Reducing recidivism is a phrase meaning cutting down the number of ex-offenders who decide to return to a life of crime.
The Sikeston, Missouri-based Missouri Bootheel Regional Consortium (MBRC) gathered a group of incarceration specialists Thursday for a "town hall" meeting via Zoom to share approaches and solutions to successful assimilation back into society.
According to the U.S. Department of Justice (DOJ), 10,000 formerly incarcerated men and women are released from state and federal prisons each week.
More than 650,000 ex-offenders are released yearly, reports DOJ, with approximately two-thirds likely to be rearrested within three years of release.
Lorene Armstrong, a reentry coordinator for the Southeast Correctional Center in Charleston, Missouri, said the key is providing resources to those about to go back into society.
"For those men who are fathers, we aid them with parenting skills while they're still inside, so they can help the mother," Armstrong said, adding the Mississippi County prison also partners with the Urban League to line up employer interviews for offenders two months prior to release.
As a result, she said, sometimes the men have jobs lined up when freed.
"The SEMO Food Bank comes in monthly to sign men up for SNAP (Supplemental Nutrition Assistance Program), so they'll not be a financial burden to their families," she added.
Armstrong also touted a 12-week certified horticultural apprenticeship program at Southeast Correctional in partnership with Missouri's Office of Workforce Development agency, noting one former offender got a job in Sikeston after completing the program.
Daniel Martinez, a district administrator in probation and parole in Caruthersville, Missouri, said "re-entry is a process, not a program, and there is no end to it," adding his role is to "provide hope where there is none."
Martinez said newly freed offenders have immediate financial hurdles the moment they leave prison walls.
"They have to pay for court costs, restitution, supervision, for electronic monitoring and sometimes for sex-offender or domestic-violence programs," he said, adding success should be measured by more than simply not going back to jail.

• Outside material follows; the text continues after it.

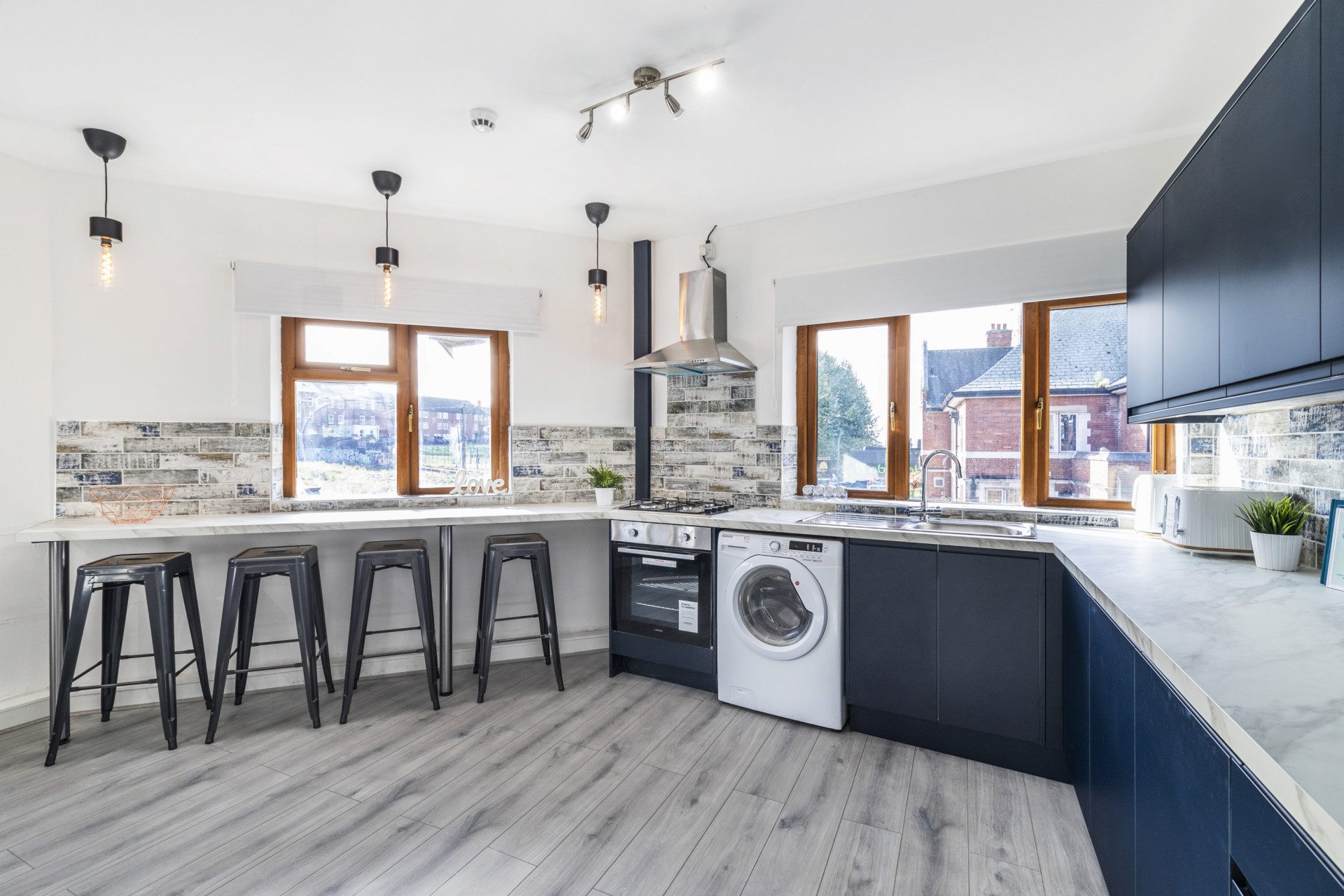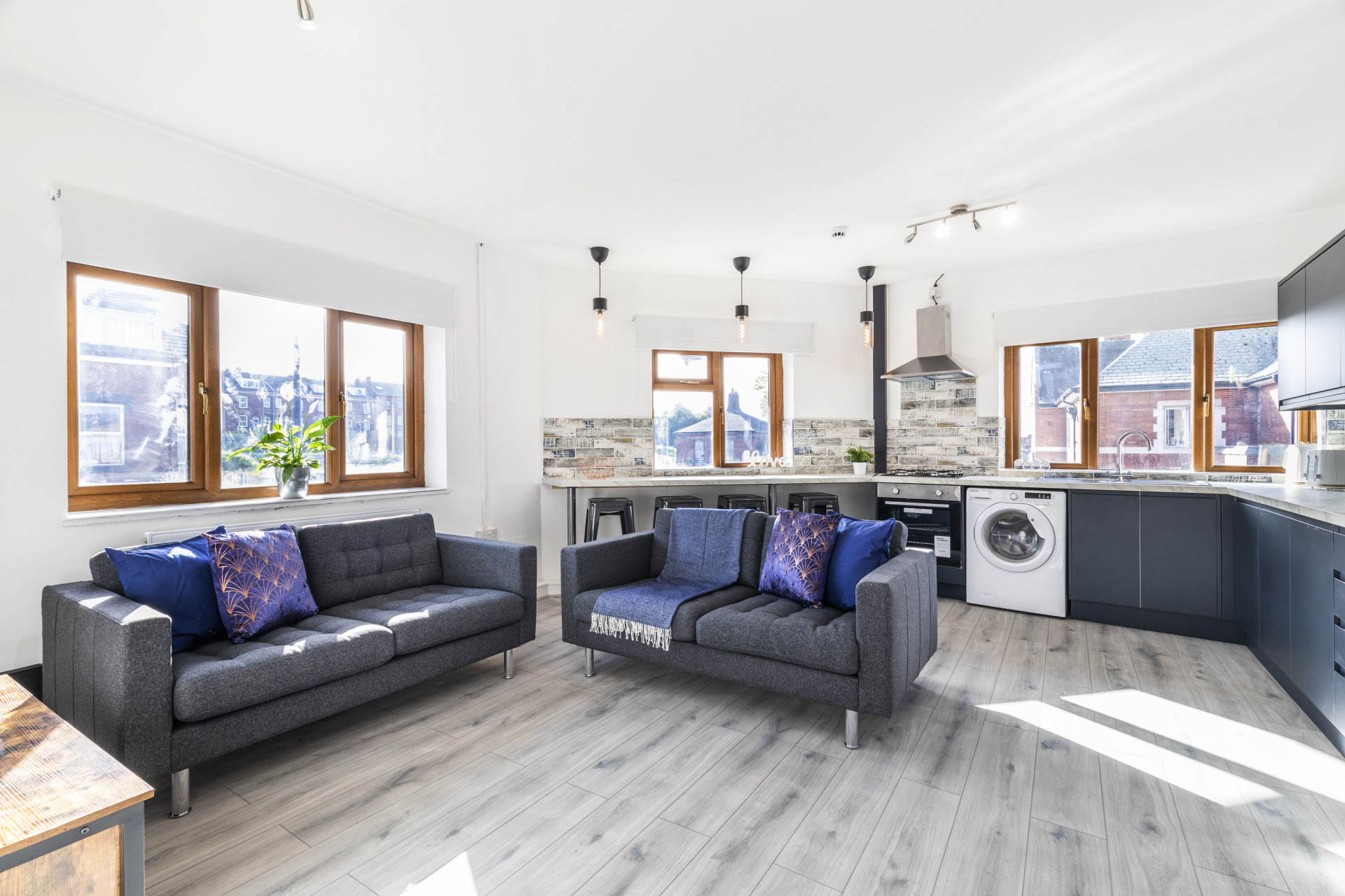 Open plan kitchen, fully kitted out with all the necessary appliances.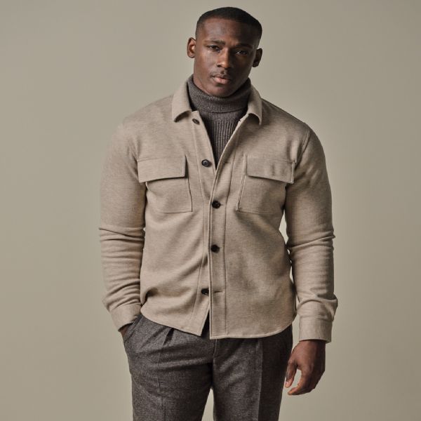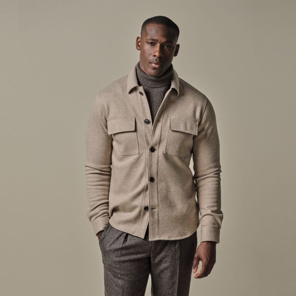 Profuomo Wolle gestricktes Überhemd Beige

"Success is finding employment, a suitable home and gain a measure of self-sufficiency," Martinez said.
"Our county, Pemiscot County, has the highest poverty rate in the State of Missouri and up to 45% of the population do not have a high school degree," Martinez said, noting a notably high percentage of residents have part-time seasonal work where people are paid "under the table."
Martinez said his office has established productive reentry relationships with a career center in Kennett, Missouri, and with Southeast Missouri State University.
"We also have a Zoom course on responsible thinking," he added.
"For our office, even though we are faced with great obstacles (in Pemiscot County), we have one of, if not the lowest, recidivism rates in the Southeast region," Martinez said, adding, "the days of sending men back (to prison) are over."
Martinez said reentry is an issue impacting the entire community, and asked the Zoom participants to consider the following question: "Are you going to assist ex-offenders in being law-abiding and productive members of the community or will you turn your back and allow them to go back to previous behaviors and prison?"
The MBRC, which organized the virtual session, operates in a five-county region: Scott, Mississippi, New Madrid, Pemiscot and Dunklin.